The soldier frowned. ‘Who are—’ Then he had an arrow in his chest. Calder didn’t hear the bowstring but he could see the black line of the shaft. The soldier shot his flatbow into the ground, gave a high shriek and fell to his knees. Not far away some horses startled, one dragging its surprised handler over onto his face and bumping across the mud. The three soldiers with the tent all snapped around at the same moment, two of them letting go of the canvas so that it was blown straight into the face of the third. Calder felt a sucking feeling in his stomach.
More Union men spilled into the light with frightening suddenness, a dozen or more, a couple with torches, flames whipped out sideways by a new gust. High wails echoed on Calder’s right and men darted from nowhere, steel glinting as swords were swung. Shadows flickered in the darkness, a weapon, or an arm, or the outline of a face caught for an instant against the orange glow of fire. Calder could hardly tell what was happening, then one of the torches guttered out and he couldn’t tell at all. It sounded as if there was fighting over on the left now too, his head yanked about by every sound.
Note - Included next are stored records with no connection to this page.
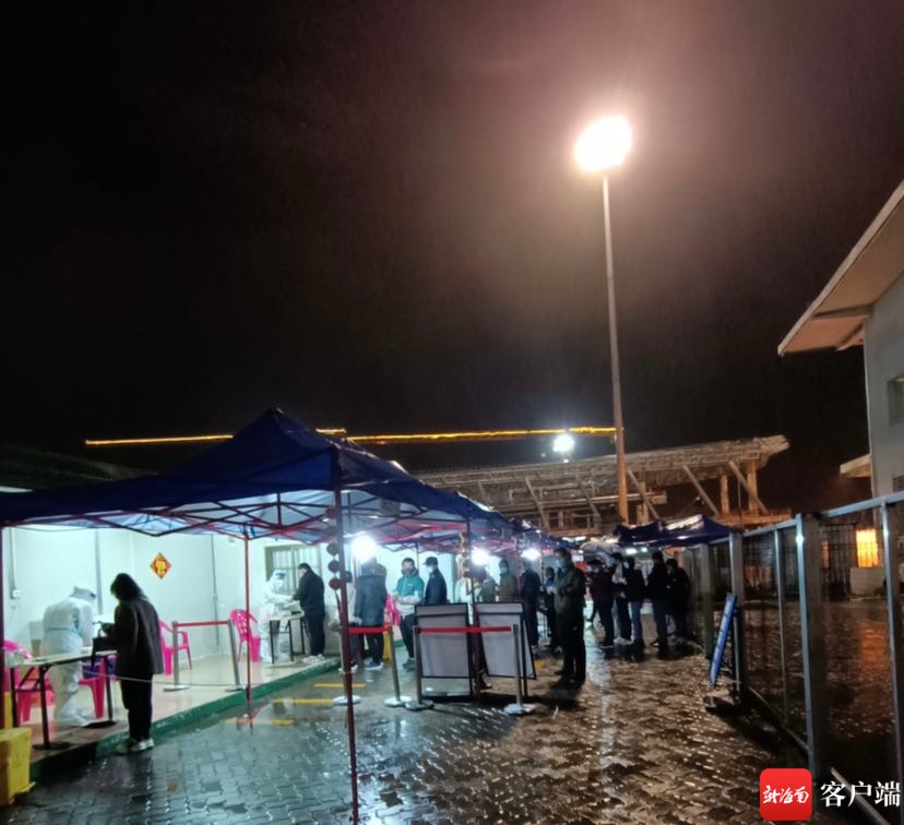新海港码头,夜里雨中核酸采样点。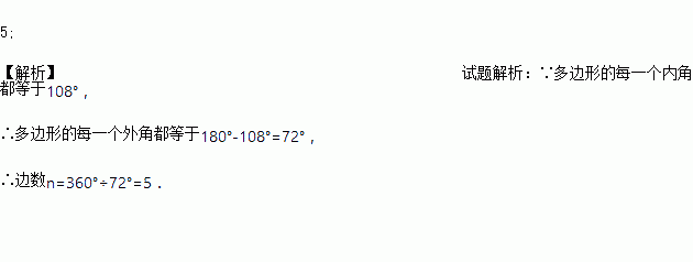 若多边形的每一个内角均为108°,则这个多边形的边数为___________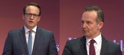 Markus Krebber (CEO RWE) (l.) und Volker Wissing (Bundesminister für Digitales und Verkehr) auf der Tagung Quelle: Handelsblatt |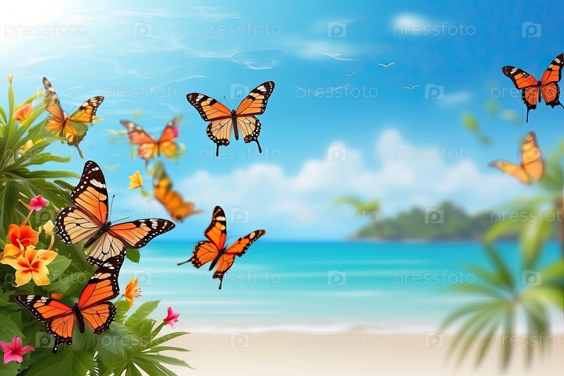 Таблица оранжевых бабочек с цветами гибискуса, летним голубым морем и пустым копировальным пространством для вашего сообщения, объявления или приветствия

He nearly jumped into the sky when he felt Pale-as-Snow’s hand on his shoulder. ‘Best be moving.’
Calder needed no further encouragement, he was off through the barley like a rabbit. He could hear other men, whooping, laughing, cursing, no clue whether they were his or the enemy. Something hissed into the crops next to him. An arrow, or just the wind blowing stalks about. Crops tangled his ankles, thrashed at his calves. He tripped and fell on his face, tore his way back up with Pale-as-Snow’s hand under his arm.